# Examining Compiler Output 1

2017-11-30In this post I present a short comparison between the machine code generated by Clang 5.0.0 for two different for loops.

## Sum up to N

The first function sums from 1 to N and returns the result.

### C++

```
int sumUpTo(int n) {
int x = 0;
for (int i = 1; i <= n; i++) {
x += i;
}
return x;
}
```

### Output

```
sumUpTo(int):
test edi, edi
jle .LBB0_1
lea eax, [rdi - 1]
lea ecx, [rdi - 2]
imul rcx, rax
shr rcx
lea eax, [rcx + 2*rdi - 1]
ret
.LBB0_1:
xor eax, eax
ret
```

As you can see, Clang used a closed formula to evaluate the expression!

### What should it be

```
(1 + n)(n) / 2
= (n^2 + n) / 2
```

### What Clang does

```
(n - 1)(n - 2) / 2 + (2n - 1)
= (n^2 - 3n + 2) / 2 + (4n - 2) / 2
= (n^2 + n) / 2
```

It is important to note that the reason why a compiler would rather evaluate this convoluted expression is that it will not overflow like the first expression would.
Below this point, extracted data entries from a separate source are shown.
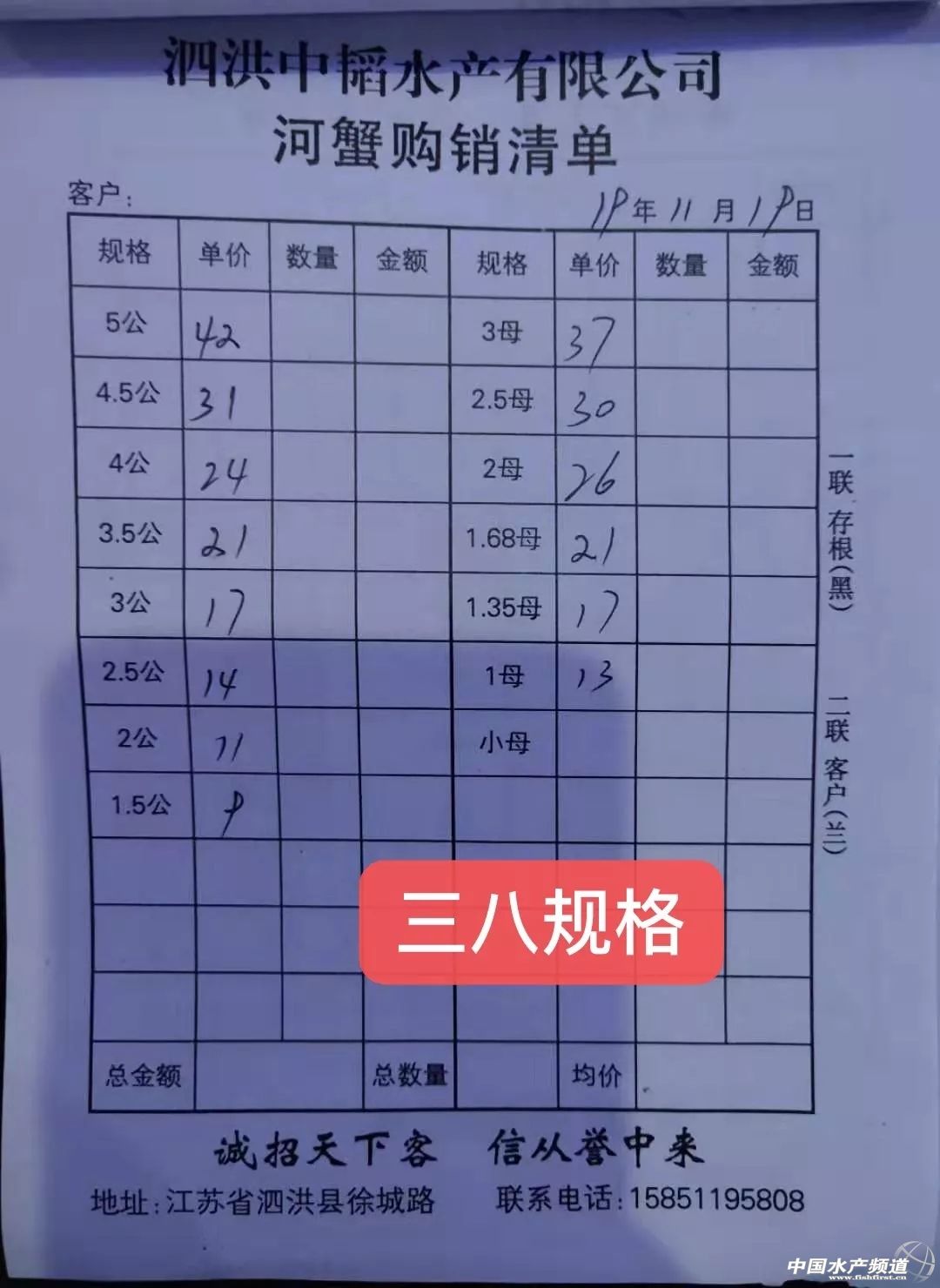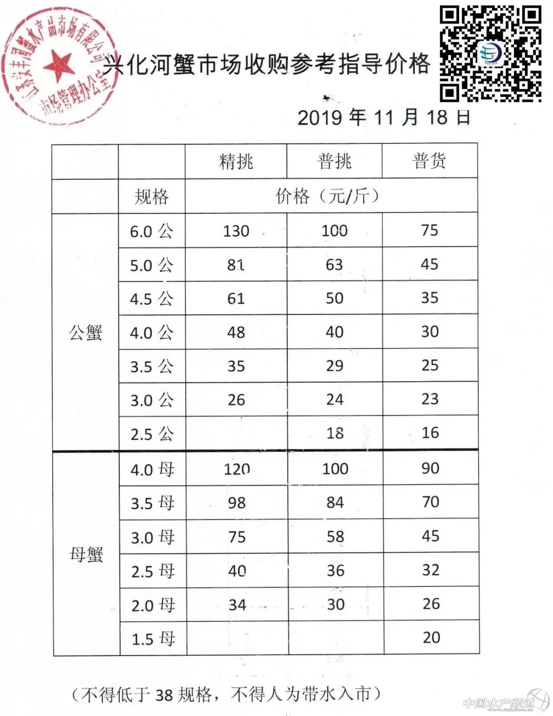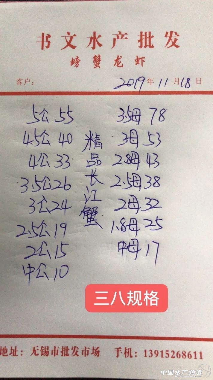 | 中國水產(chǎn)頻道報道, 興化蟹價平穩(wěn) 蝦蟹行情每日播報 您身邊的行情顧問 歡迎關(guān)注蝦蟹前沿公眾號! 最新行情解析 高淳 近期高淳精品蟹價波動較為明顯,自15日大跌后,近4天蟹價連續(xù)上漲,目前平均蟹價為近期最高,后市可期。但與去年同期相比,目前蟹價仍明顯偏低。 今天高淳精品門市價格變化較多,5公漲3元/斤,4.5公漲1元/斤,4公、3.5公均漲2元/斤。母蟹方面,3.5母漲5元/斤,3母漲1元/斤。其他規(guī)格蟹價未變。 興化 近期興化精挑蟹價整體呈上漲趨勢,與昨天相比,今天蟹價保持平穩(wěn)。同時,今天興化市場指導(dǎo)價普挑、普貨價格基本未變。 今日參考價 興化 高淳 此報價由江蘇好潤固城湖店劉坤提供 泗洪 此報價由泗洪孫老板提供 無錫 此報價由無錫王老板提供 宣城 此報價由宣城劉老板提供 |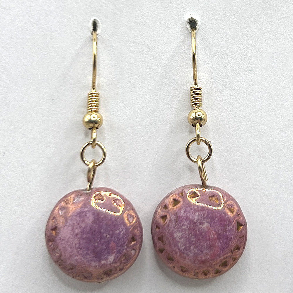 These purple discs are dotted around the edge and have a golden sheen. They are about 1/2 inch in diameter ad they hang on gold-colored ear wires.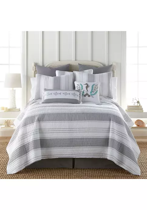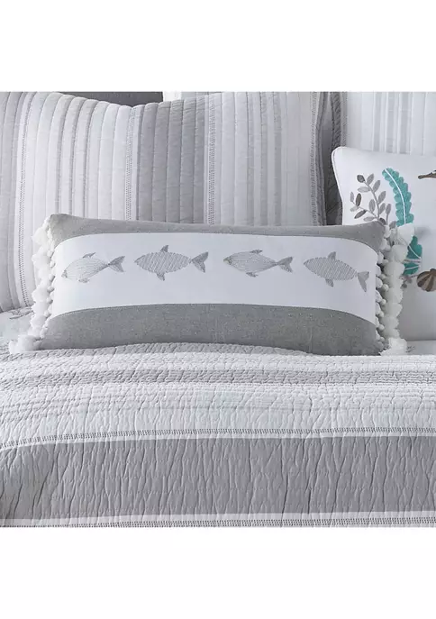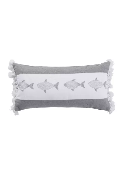 The Fish decorative pillow matches perfectly with the Levtex Home Freeport bedding collection. This pillow is sized at 12x24in. and features delicately detailed fish embroidered in silver thread on a grey & white classic natural canvas ground. The soothing, coastal color palette makes this a versatile accessory for your bed, couch or favorite chair. The pillow comes pre-filled with a luxurious feather inner.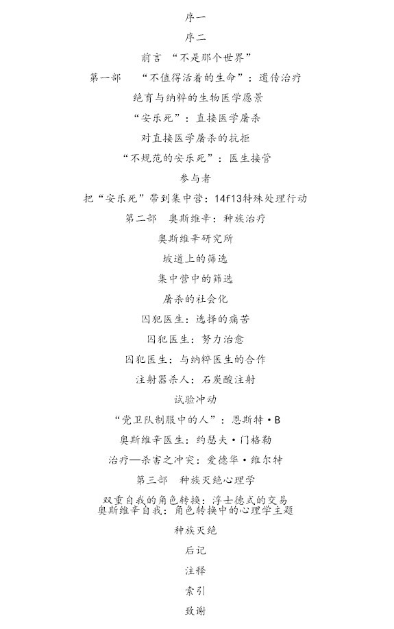这不仅是目前已有的关于医学伦理学的最重要著作之一,而且融入了历史编纂学,对第三帝国和国家社会主义所犯罪行做了令人信服的心理学解说。在我看来,不参考这样的心理学解说,未来无人能够深刻地描述那个时代。”“这不仅是目前已有的关于医学伦理学的最重要著作之一,而且融入了历史编纂学,对第三帝国和国家社会主义所犯罪行做了令人信服的心理学解说。在我看来,不参考这样的心理学解说,未来无人能够深刻地描述那个时代。
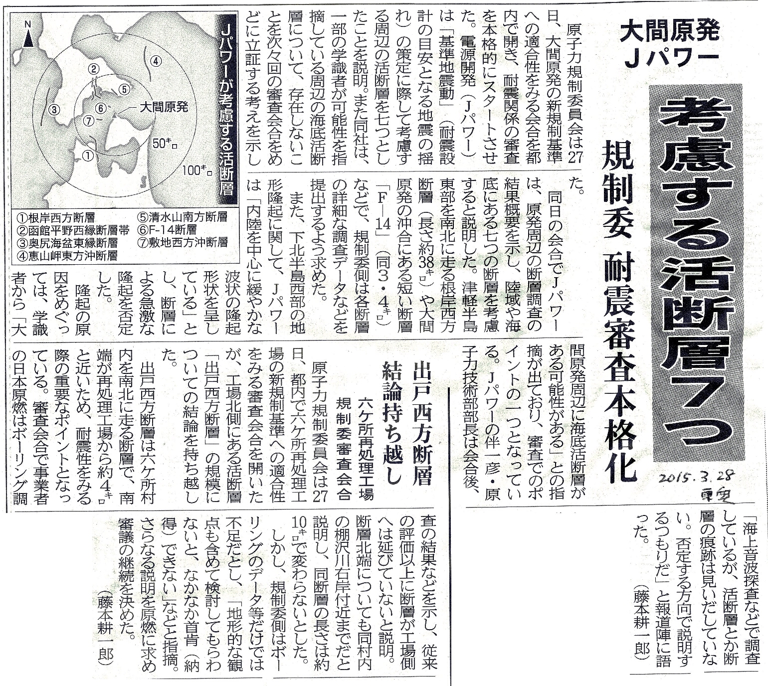 | [2015_03_28_02]大間原発Jパワー 考慮する活断層7つ 規制委 耐震審査本格化 出戸西方断層結論持ち越し 六ヶ所再処理工場規制委審査会合(東奥日報2015年3月28日) |

## Sum up to N multiplying by 2

### C++

```
int sumTwiceUpTo(int n) {
int x = 0;
for (int i = 1; i <= n; i++) {
x += 2 * i;
}
return x;
}
```

### Output

```
sumTwiceUpTo(int):
test edi, edi
jle .LBB1_1
lea eax, [rdi - 1]
lea ecx, [rdi - 2]
imul ecx, eax
and ecx, -2
lea eax, [rcx + 4*rdi - 2]
ret
.LBB1_1:
xor eax, eax
ret
```

### What is is

```
(1 + n)(n)
= (n^2 + n)
```

### What Clang does

```
((n - 1)(n - 2) & 111...0) + 4n - 2
= (n - 1)(n - 2) + 4n - 2
= n^2 + n
```

Again, a closed formula!

It is interesting to note that the and is completely useless here: it is forcing the product (which is always even) into a even number. Also, it requires the multiplication result to be evaluated, so it could add measurable delay.